Let’s say for example, that the debtor is a company located in Pennsylvania. The debtor owns assets located in Pennsylvania such as real property and tangible property. The creditor is a business in California that provided goods and services to the debtor, but the debtor failed to pay. The creditor files a lawsuit against the debtor in California and gets a California judgment. Since the debtor is not located in California and does not have any assets in California, the California judgment will not be useful for the creditor when the creditor attempts to enforce the judgment because the California court has no jurisdiction over the company or the property in Pennsylvania. Instead of the creditor filing a new lawsuit in Pennsylvania against the same debtor, the creditor can follow the process under the Unified Enforcement of Foreign Judgments Act (UEFJA).

Under the U.S. Constitution, a judgment obtained in one state is to be given full faith and credit to a judgment obtained in another state. Taking that concept a step further, most states have adopted the UEFJA. The purpose of the UEFJA is to provide speedy and economical methods for creditors to enforce judgments in another state. Most, but not all, states have adopted the UEFJA is some form or another. When states have adopted the UEFJA, the UEFJA allows for a creditor to obtain an exemplified copy of the judgment from the original state and file it with the office of the Court in the new state.

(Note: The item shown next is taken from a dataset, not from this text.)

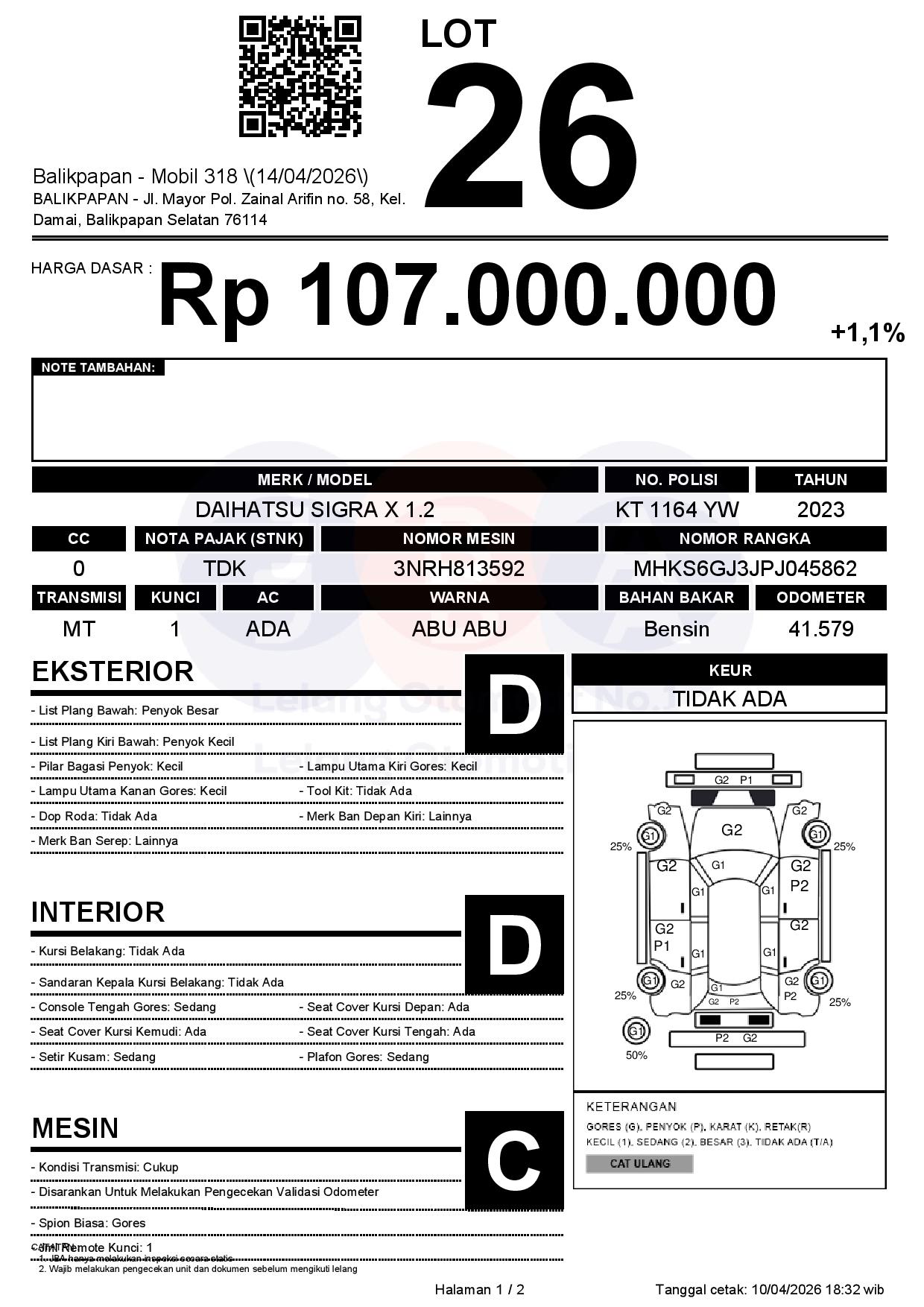 Tanggal Lelang: 14/04/2026 | 13:00 WITA

When it is filed in the new state, a judgment is entered in the new state, as if the judgment was originally obtained in the new state.

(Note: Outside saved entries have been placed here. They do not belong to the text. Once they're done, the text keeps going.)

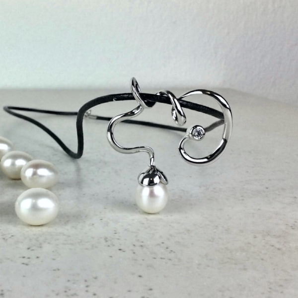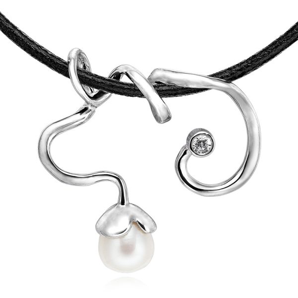Halssmykke i en skøn organisk form med funklende sving, og smukt dekoreret med hvid ferskvandskulturperle og zirkonia.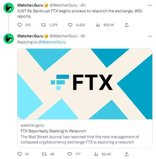 “FTX在任何重新启动时都需要进行品牌重塑,此外,它还表示希望现有用户能够参与重新推出的内容。FTX还需要回答监管合规问题,”Watcher.Guru报道提到。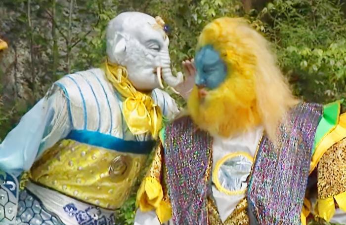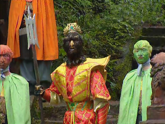 悟空再次来到妖怪的洞门前,大声叫嚣道:“妖怪,快还我师傅!”象怪闻声音赶来后用拿出一个宝瓶向孙悟空问道:“泼猴,我叫你一声你敢答应吗?”孙悟空一听便来气了说道:“有何不敢?”可就在孙悟空答应的时候,被宝瓶给吸进去了。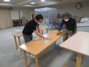 皆様こんにちは。新型コロナウイルスに加えて、これからはインフルエンザ、ノロウイルス等様々な感染症が流行してくる時期となります。敬樹園内での感染症対策の一つとして、ご利用者が毎日使用されている食卓テーブルの抗菌加工を実施いたしました。今回は(株)メーコー北海道様の協力をいただき無光触媒を施工しましたので、その時の様子をご紹介いたします。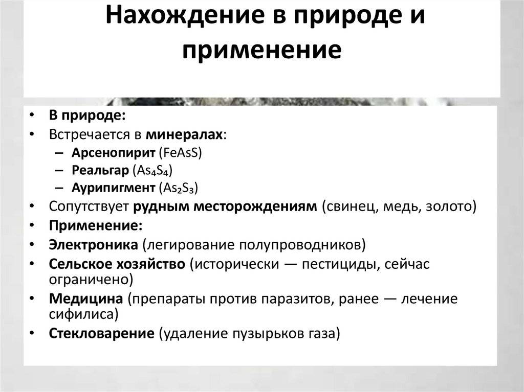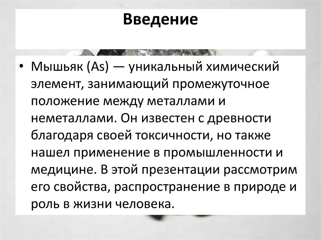 • Мышьяк (As) — уникальный химическийэлемент, занимающий промежуточное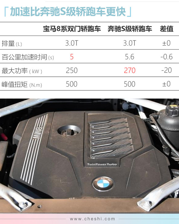 宝马8系双门轿跑车/敞篷轿跑车搭载3.0T直列六缸发动机,最大功率为250kW,峰值扭矩为500N.m,传动系统匹配8AT变速箱。其中8系双门轿跑车百公里加速时间为5秒,每百公里综合油耗为7.6L;8系敞篷轿跑车百公里加速时间为5.3秒,每百公里综合油耗为8L。

In the hypothetical above, the creditor can contact the California clerk’s office and obtain an exemplified copy of the judgment. That document can then be filed with the appropriate Pennsylvania clerk’s office. The debtor is then notified of the Pennsylvania filing and the California creditor has now obtained a judgment against the debtor in California, where the creditor originally obtained the judgment, and Pennsylvania. The creditor did this without having to incur additional costs and fees that are associated with starting a new lawsuit against the debtor. Since the creditor now has a judgment entered in Pennsylvania, the creditor can proceed with enforcing the judgment against the debtor pursuant to Pennsylvania law because the Pennsylvania court now has jurisdiction over the debtor.

Now, the creditor can use legal methods to locate assets of the debtor including written interrogatories and requests for production of documents and/or the creditor can compel officers and employees of the debtor to participate in a deposition. These methods, along with other creative methods such as private investigator searches, can help the creditor find assets. When assets are discovered, the creditor can seize those assets and use them to satisfy the judgment.